Introducing I2E 5.3.1
I2E 5.3.1 includes improvements that make it easier to integrate the tool into your organization and process your internal documents, as well as the usual usability enhancements and under-the-hood modifications.
Single Sign-On (SSO)
I2E 5.3.1 can now act as an Identity Provider, allowing the application to work with Federated Authenticated Systems such as ADFS and Shibboleth. After the set-up process in your organization, users can be authenticated in one system and then seamlessly log into the I2E client without prompting for your credentials. If you are not already logged in via another system, I2E will initiate the login process via a redirect to a special web page.
ManifoldCF: I2E Output Connector [BETA release]

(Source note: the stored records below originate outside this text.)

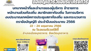 บทบาทหน้าที่และอำนาจของผู้บริหาร ข้าราชการ พนักงานส่วนท้องถิ่น สมาชิกสภาท้องถิ่น ในการบริหารงบประมาณ เทคนิคการประชุมสภาท้องถิ่น และกระบวนการตราข้อบัญญัติ ประจำปีงบประมาณ 2566
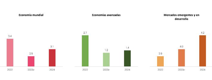 De esta manera, la recesión será inminente en Estados Unidos y Europa, el avance será lento en América Latina, pero Asia se mantendrá resiliente y esto compensará el descenso global. La economía mundial se expandirá en 2.9%, tasa inferior del 3.4% que se espera haya sido en 2022.
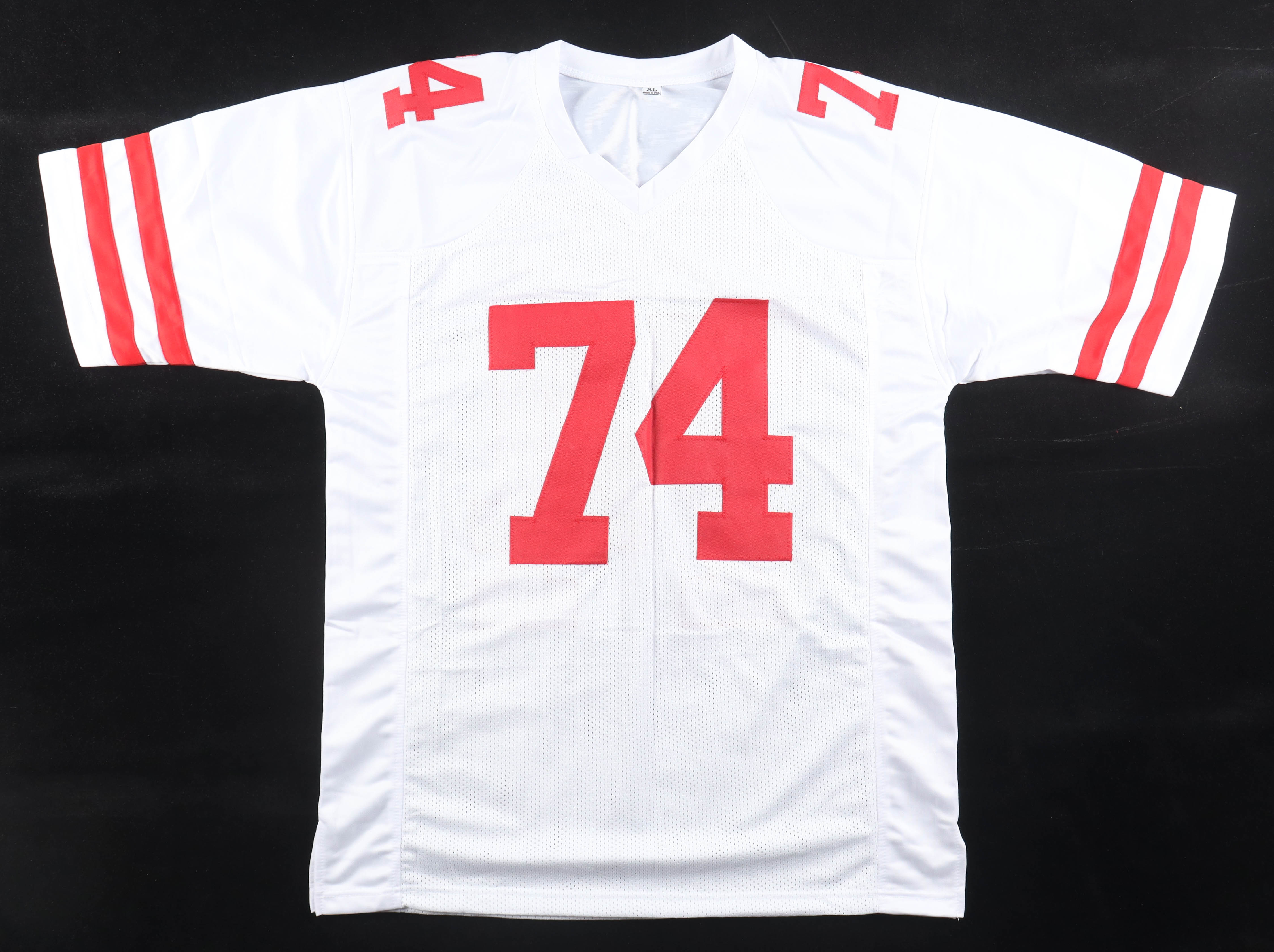 Custom jersey with everything sewn on, size XL. Hand-signed by Joe Staley.
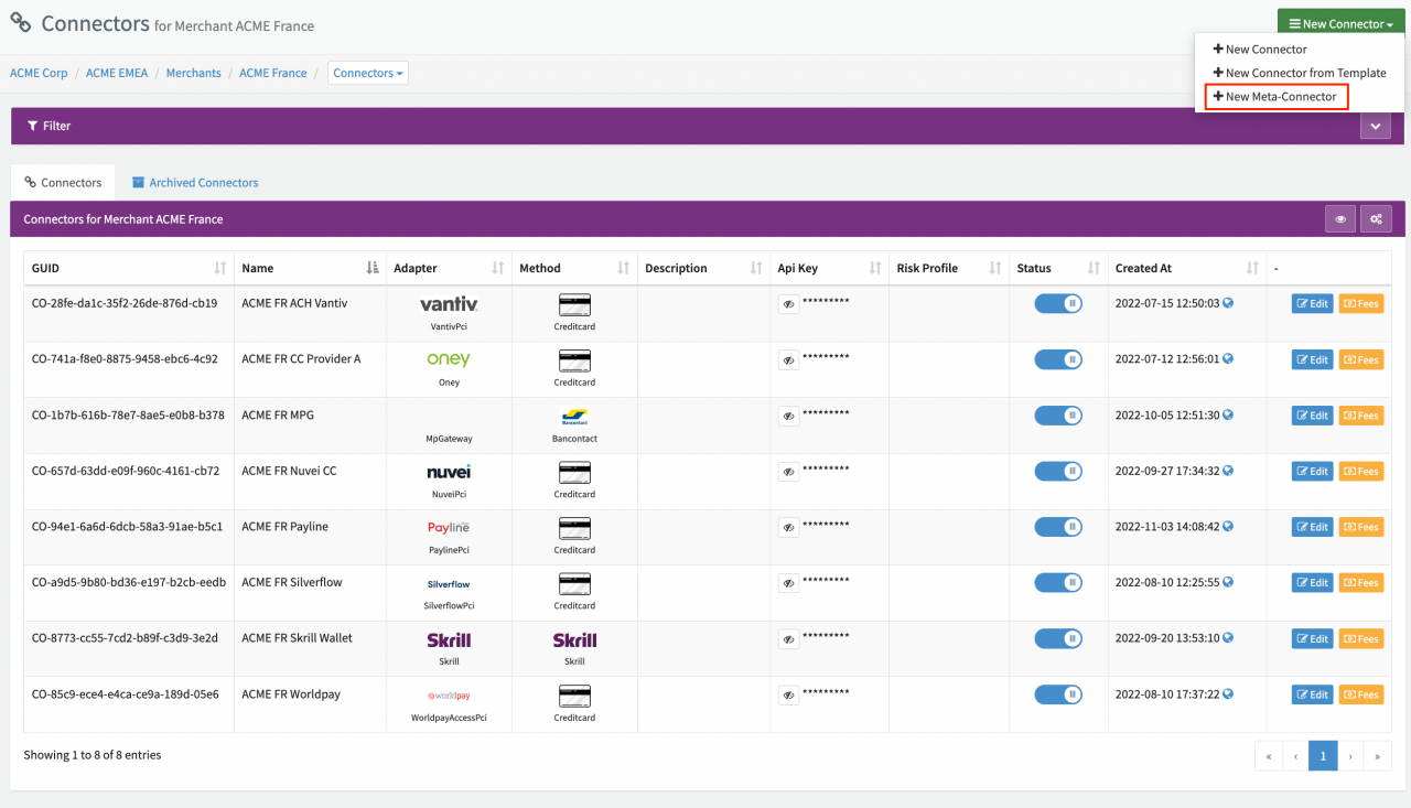 Before we get started with the Meta-Connector, it is important to note that its setup requires you to have already set up the connector you want to use for routing. The first step is therefore to create connectors for each PSP you want to use. If you already have configured your connectors, you can use those instead of creating new ones. However, it is advisable to create new connectors if you wish to use different connector configurations with the Meta-Connector.
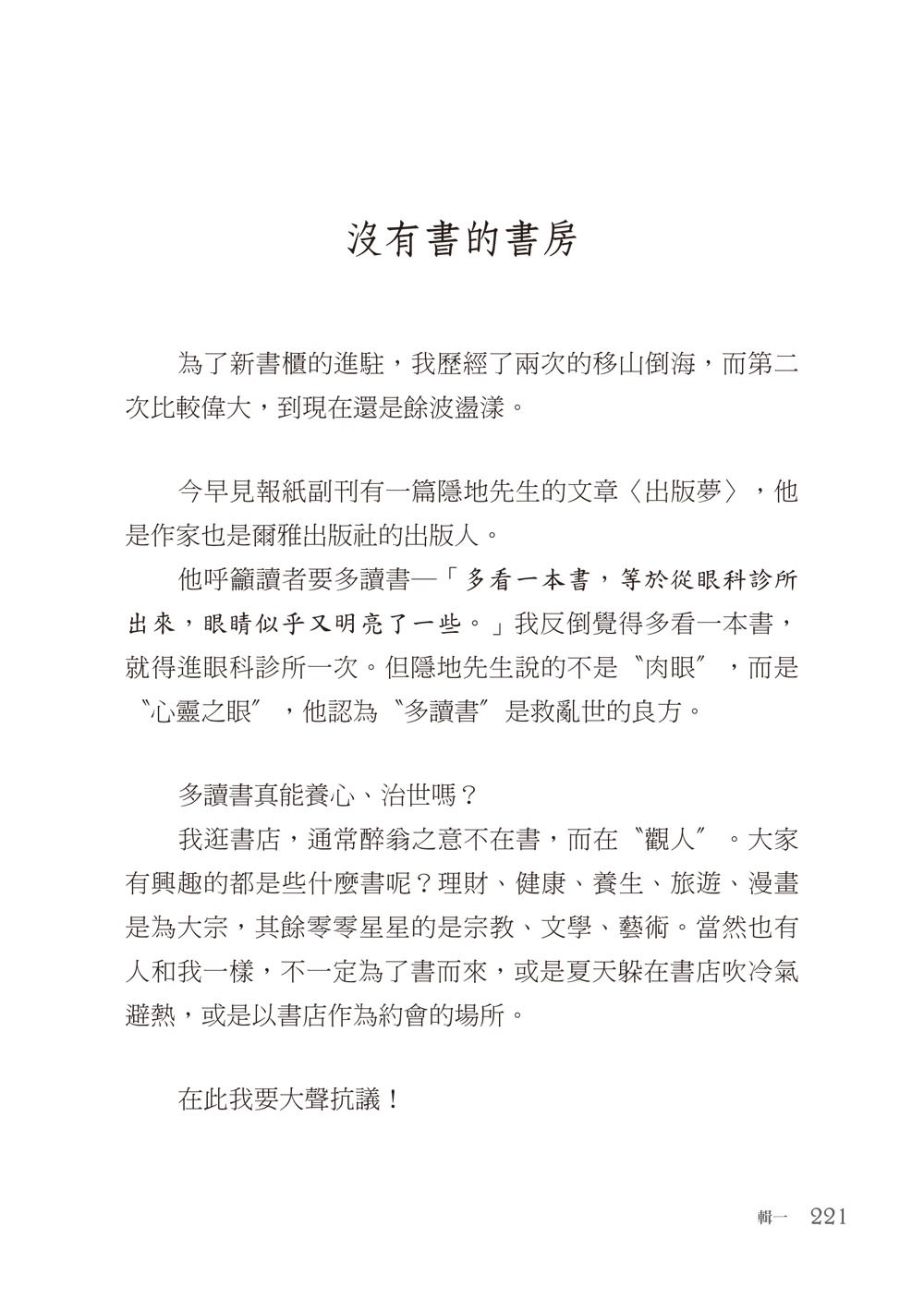 從那個時候開始,我的生命產生了質變,我勤於讀書、寫作,我把寫作視為編織夢想,我織的夢可能穿梭在不同的時空、不同的生命,也可能幽深曲折,尋不著門,也沒有路徑可循。我每織好一個夢,便把他撒在雲端,我願它化為和風、小雨、細雪、雷電,或化為野花、溪流、蟲鳴、鳥音,或化為一杯濃香的咖啡,或化為哲人的囈語,或化為夜深時照臨大地的月光,或崩裂為宇宙中的微塵……。

Apache ManifoldCF is “an effort to provide an open source framework for connecting source content repositories like Microsoft SharePoint and OpenText Documentum, to target repositories or indexes”. Linguamatics have created an I2E Output Connector -- which is being released as a beta – to simplify the ingress and indexing of documents stored within customer organizations. This means that I2E 5.3.1 can be used to index documents stored in Documentum, allowing you to run precise analytical queries over your files (and link back to them in Documentum) without needing to manually export the documents from Documentum.
The Hit column for Excel (XLS-HTML) and Excel (ODS) in I2E 5.3.1 no longer uses blue text to highlight information. It now uses the same highlight colors that are used in the HTML view and the cached document to provide consistent coloring and make it easier to review your results.
Class Matching: New Ontology column
When searching for a match in the Class Properties window, there is a new Ontology column in the results in I2E 5.3.1.
This helps to quickly review your results to get to your correct match(es), particularly when you’re using a term that could occur in different ontologies.
Reporting of Skipped Documents and new Find/Replace pane
There are a couple of changes in the Indexing interface in the I2E Administration view to make it easier to identify problematic files in your source data.
If your completed index status is “Succeeded (with warnings)”, it may be that a particular document could not be processed. In I2E 5.3.1, there is a new tab in Index properties, labelled “Skipped input”, that lists all of the source files that could not be processed.
Another way that you could find this information is to use the new Find/Replace panel. As the name suggests, this will let you find (and, in editable fields, replace) text in multi-line text fields. It works in I2E Express, I2E Pro and (most usefully) in the I2E Administration view and is available via the usual Ctrl-F keyboard shortcut (or by using right-clicking in a text field to bring up the option).
New Indexing Mode: PSV (Pipe-separated values)
There is a document type that we are seeing more often, which uses the pipe symbol (“|”) to separate fields. To enable you to index those documents directly and remove a pre-processing step (for example, to convert it to TSV), simply select the new indexing mode and use the .psv file extension for your files.
Documents that are indexed using PSV mode will have the same Regions as those that are indexed with TSV and CSV modes, enabling you to re-use your queries.
EASL snippets in Smart Query Parameter Fields via API
I2E 5.3.1 adds the ability to include EASL in Smart Query parameter fields as part of Query Task (API) submission. This supersedes the I2E Query Notation that was previously the available syntax for Smart Query parameter fields.
One of the reasons for changing to EASL, as the Smart Query parameter syntax, is to allow more expressive terms in your search. For example, you could search for Pharmacologic Substances but exclude the general term, “drug”.
These EASL snippets can be used whenever you are submitting a query via the API, e.g. using a Query Template, writing code with the SDK or using the Query Submitter node in KNIME.